Maria seemed to hear her own words, and to be seeking an answer to them from herself.

“They would in a sense,” said Sir Roderick. “They
would not have been urged to a point beyond their scope, and forced to things not natural to them. That is what it was. That was your—that was our mistake.”

“But I thought they were children above the average, and would naturally go beyond the others.”

“My dear, good wife, there you are again! We must accept what they do, not plan it ourselves beforehand. That is how the trouble came.”

“We are above the average in many ways,” said Clemence, with a pang for her mother's baffled, disappointed face. “Miss Firebrace said we were. That is how it all began. We did do better than the others, and then we tried to keep it up more than we could.”

“If only you had been content to be true to yourselves! How proud I should have been! Even now I can't help being proud of what you did at first. But nothing counts but trustworthiness. Or nothing counts without it.”

“Proud we cannot be, my pretty,” said Sir Roderick, bringing another pang to his daughter's heart, and as he saw it, again tightening his hold. “We must be content without that. But there are better things that we can be. We can be loving and loyal enough for the feelings to hold through a test, and our children are not the people whom they should fail.
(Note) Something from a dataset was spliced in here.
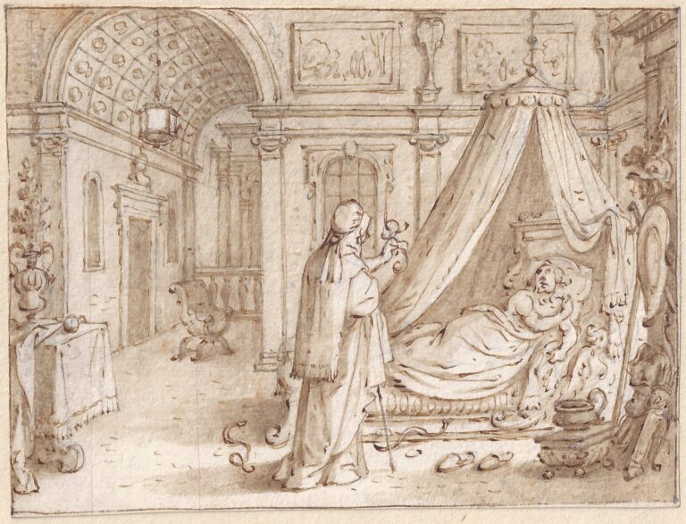 The present drawing is one of a series of at least sixty-five drawings illustrating Virgil’s epic the Aeneid, which were first attributed to Vrancx by Ruth Muthmann and Andrew Robison in 1983, and are fully discussed by Louisa Wood Ruby in 1990.1 In some of the surviving drawings from the series, the image occupies the upper half of the sheet, while below there are some lines of text the scenes illustrate. A cluster of drawings which remained together until 1981 lacked the texts, and it is likely that the present sheet was part of that group. Dr Wood Ruby dates the series c. 1615, and points out not only that they constitute the most extensive series of Aeneid illustrations since Sebastian Brandt’s series of 1502, but also that the rhymed Dutch paraphrasing of Virgil’s text which appears below some of the images does not correspond with any published translation of the original, and may indeed represent Vrancx’s own attempt at a new translation. Vrancx’s lively interest in classical literature is not only evidenced by the existence of the Aeneid series, but also by his membership of ‘Die Violieren’, one of the Chambers of Rhetoric in Antwerp.

We will let the dead past bury its dead, and go back to the old days and the old ways and the old happiness.” Sir Roderick glanced at his children, saw the admiration in their eyes, and felt that he and they were at one.

“But is that making it too easy for them? Will it lead to their taking too light a view of it? Is it really indulging ourselves? God knows, I should like to make it easy. But is that where the danger lies?”
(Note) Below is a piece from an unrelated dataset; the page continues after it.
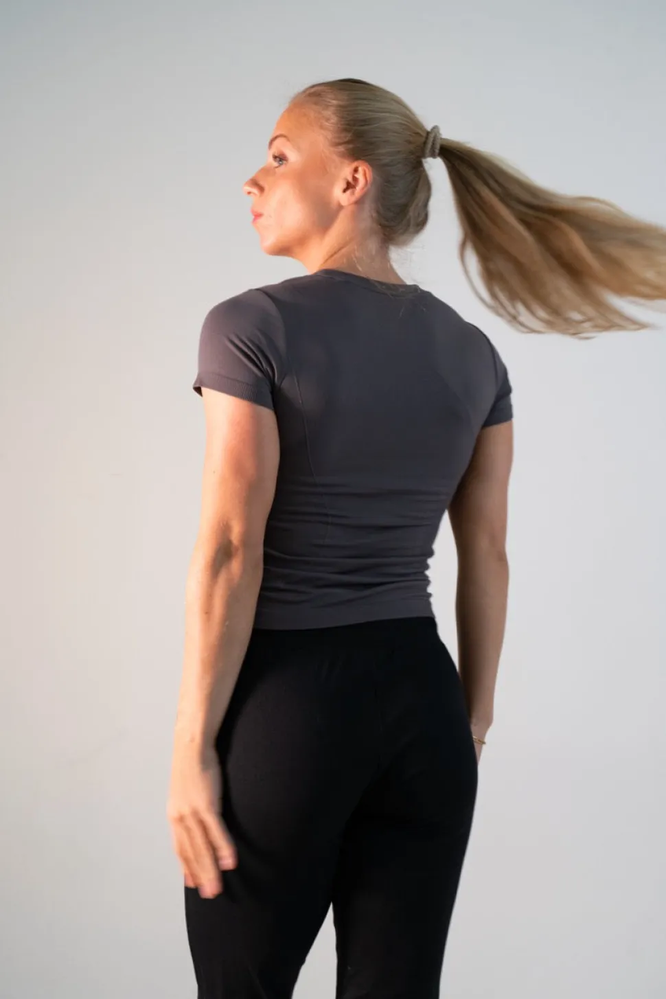 Info: Denne er kanskje vårt meststretchprodukt hittil. Svette absorberende og super fløyelsmyk kvalitet. Kommer i flere farger. Perfekt til allsidig trening. Vi er opptatt av å ha mange ulike størrelser – denne kommer derfor i S – XL. Den må virkelig prøves.Minimal logo i front. Fasongen er laget noe kort slik at du ikke får en lang overdel men heller ikke croppet, men en fin lengde over tights-kanten.

“We need not avoid self-indulgence at their expense. And we need not fear it has been easy. There was the effort and suspense through the term, and at the end the shock and shame. And heavy guns were brought to bear on them. Account was not taken of their helplessness.”
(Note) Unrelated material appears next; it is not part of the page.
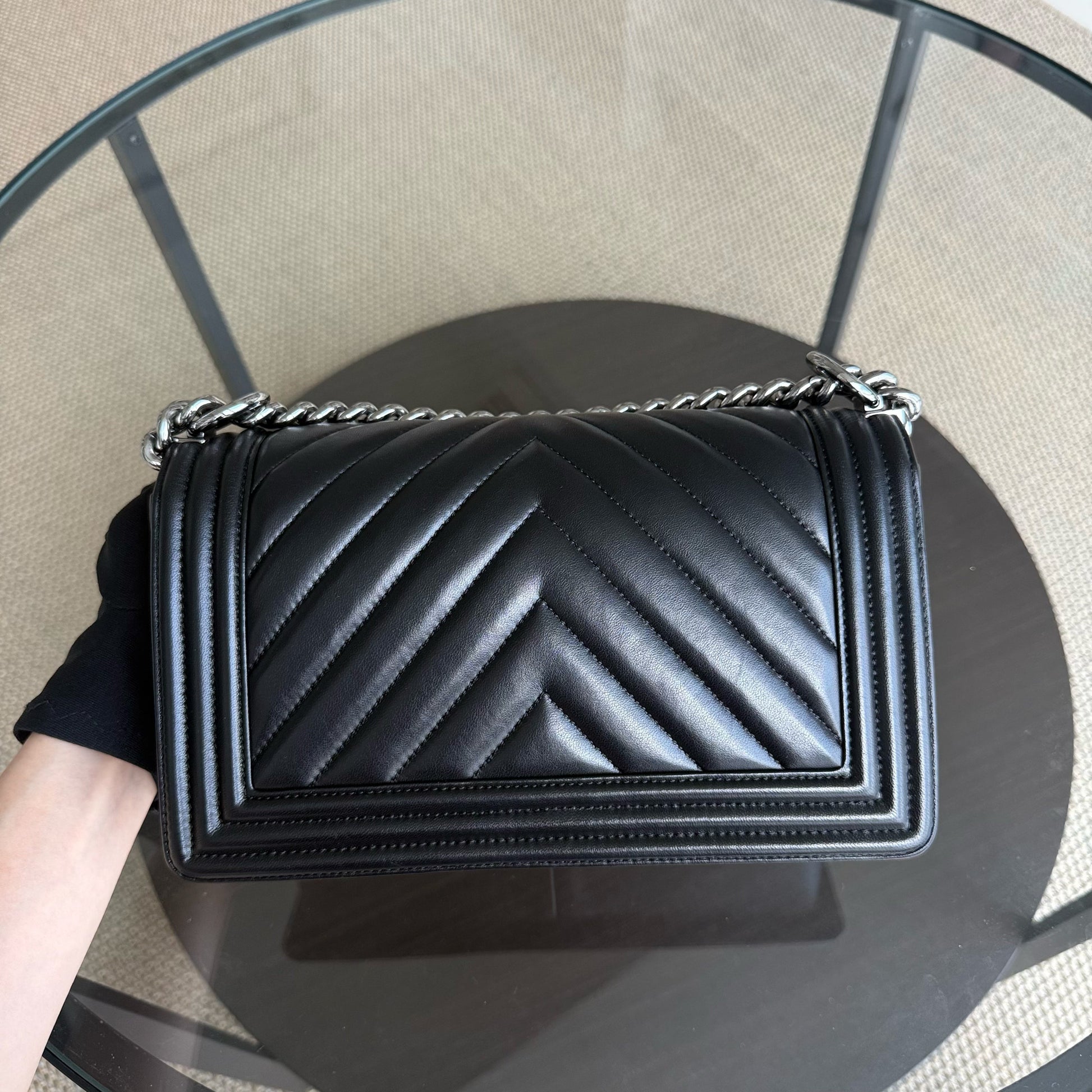 Chanel Boy Medium - 25CM Quilted Calfskin Black Dark Silver Hardware Series 25

At these words the children gave their mother her
answer. They broke into convulsive tears, and at the sound the group outside the room turned and vanished up the stairs. Lesbia alone held her ground, and in a moment moved towards the door.

“Well, I will be guided by you, Roderick,” said Maria. “I suppose I often am, though I hardly realise it. I will leave the burdens on you and follow my own heart.”

“You will not be wrong, my pretty. And so the trouble belongs to the past. We shall remember its cost, and the memory will do its work. We shall not talk of it again. It will be as if it had never been. And now I hear Lesbia coming, I can always recognise that noiseless step.”

“Run up to the schoolroom, my dears,” said Maria, in her ordinary tones. “We do not want her to see you in tears. After all, you are in your own home and have a right to happiness there. And you have a right to your mother's help in leaving a stumble behind. It is not the end of everything. Go up and settle back into the life that suits you, and lets you be what you are. It was breaking it that was the mistake; and the mistake was ours, not yours.”